А гонцы не унимаются, скачут туда-сюда. Новоиспечённого окольничего царь и Боярская Дума назначили великим, полномочным послом на переговоры в Смоленск с великим послом короны польской. Ордин-Нащокину надлежало сдать воеводские дела Хованскому, ехать в Москву спешно, готовить наказ своему же посольству.
Обиднее всего для Хованского было новое, преудивительное назначение выскочки, псковского поместного дворянчика: не в товарищах ехал у родовитых Одоевского, Долгорукого, сам поименован великим послом. А в товарищи ему дан, кого он, Афонька мерзкий, пожелал, – родственничек его Богдашка Нащокин.
Теснят выскочки древние роды, сам царь тому потатчик. К добру ли? Потакал Иван Грозный мелкой сошке, и вместо природных царей являлись сначала Бориски Годуновы, а потом и Гришки Расстриги{35}.
В последний день перед отъездом из Пскова пошёл Афанасий Лаврентьевич на берег Великой.

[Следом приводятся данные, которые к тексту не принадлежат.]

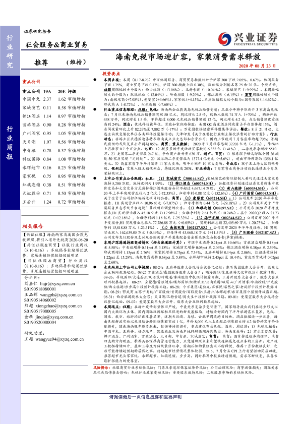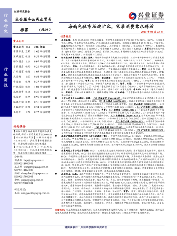 【兴业证券】【20200823】社会服务&商业贸易行业周报:海南免税市场迎扩容,家装消费需求释放-19页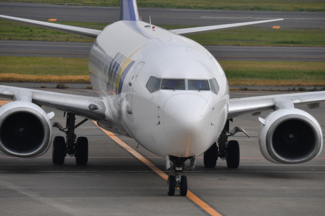髙橋機長とベヒシュタイン副操縦士が乗務し羽田に到着するスカイマークの福岡発012便=18年4月6日 PHOTO: Tadayuki YOSHIKAWA/Aviation Wire

Двадцать три года тому назад отправлялся он отсюда на первую свою большую службу, на тайную службу при дворе молдавского господаря Василия Лупу. Донесения посылал через монахов Густынского монастыря самому Фёдору Ивановичу Шереметеву. В царствие Михаила Фёдоровича Фёдор Иванович Россией правил.
Всё минуло. Нет уже молдавского господаря Василия Лупу. Хитрейший был государь, но как миленький выслушивал от молодого псковича укоризны.
– Великий посол! – вслух сказал Афанасий Лаврентьевич.
Думал ли о такой доле батюшка, уча сына латыни? Окольничий, наместник шацкий... Воин пошёл бы выше. Боярства мог удостоиться. Господи, ведь умён! На пять лет вперёд видит, чему быть. И всех его чинов – беглец.
Река Великая катила холодные осенние воды под холодные небеса. За поворотом к Снетогорскому монастырю разливалась широко, серебряно. Там, за белым горизонтом, великая бескрайняя земля белого царя. И не кого-нибудь, Ордин-Нащокина позвал белый царь к великому делу.
Трепетала душа, как у молодого, дрожала потаённо, как в былые дни перед Василием Лупу, когда тот вставал и молился на Спасов образ за государя Михаила Фёдоровича, за царевича Алексея Михайловича, чтоб показать ему, Афанасию, сколь он, господарь, предан Москве. Угождал турецкому султану, крымскому хану, сердцем лепился к короне польской – и грозил пойти под руку русского царя, потому и допускал русского дворянина столь близко до себя. Жребий таков у царств, лежащих под ногами великих государей.
– Великий посол!
Если Бог даст, можно совершить дело, славное в веках, соединить вечным союзом великую Россию со свободной, с прекрасной Речью Посполитой[40]40
Речь Посполитая – официальное название объединённого Польско-Литовского государства со времени Люблинской унии 1569 г. до 1795 г.
[Закрыть]. Вот когда славяне стали бы перед Богом первыми, первее возлюбленных жидов.
...Когда Ордин-Нащокин приехал в начале ноября в Москву, наказ великому посольству был уже готов. Составил наказ Никита Иванович Одоевский. Иные статьи показались мелочными, иные – гордыней и упрямством, а одна, чуть ли не самая главная, была всему посольскому делу проруха. Боярин князь Одоевский требовал установить границу между Россией и короной польской по Бугу.
Забыл, что Правобережная Малороссия начиналась уже на другом берегу Днепра. Казачьи полки этой земли не были под булавой гетмана Брюховецкого. Правда, гетман Правобережья Павел Тетеря, измученный бесчисленными изменами полковников, не имея помощи от короля, который сам бегал от маршалка Любомирского, изнемог, потерял веру в казачество, а потому положил бунчук, булаву и уехал в Польшу пожить мирным человеком, без славы, но зато не казня себя за поражения, за голод, за погибель Украины. Булаву поднял полковник Степа Опара. Памятуя об уроках Хмельницкого, Опара тотчас призвал татар, но татар переманил на свою сторону изворотливый Петро Дорошенко. Степу схватили, заковали в железа, отправили в Польшу. Дорошенко же провозгласил себя гетманом «тогобачной» Украины. «Граница» Одоевского обещала Московскому царству не долгожданный мир, а бесконечную войну.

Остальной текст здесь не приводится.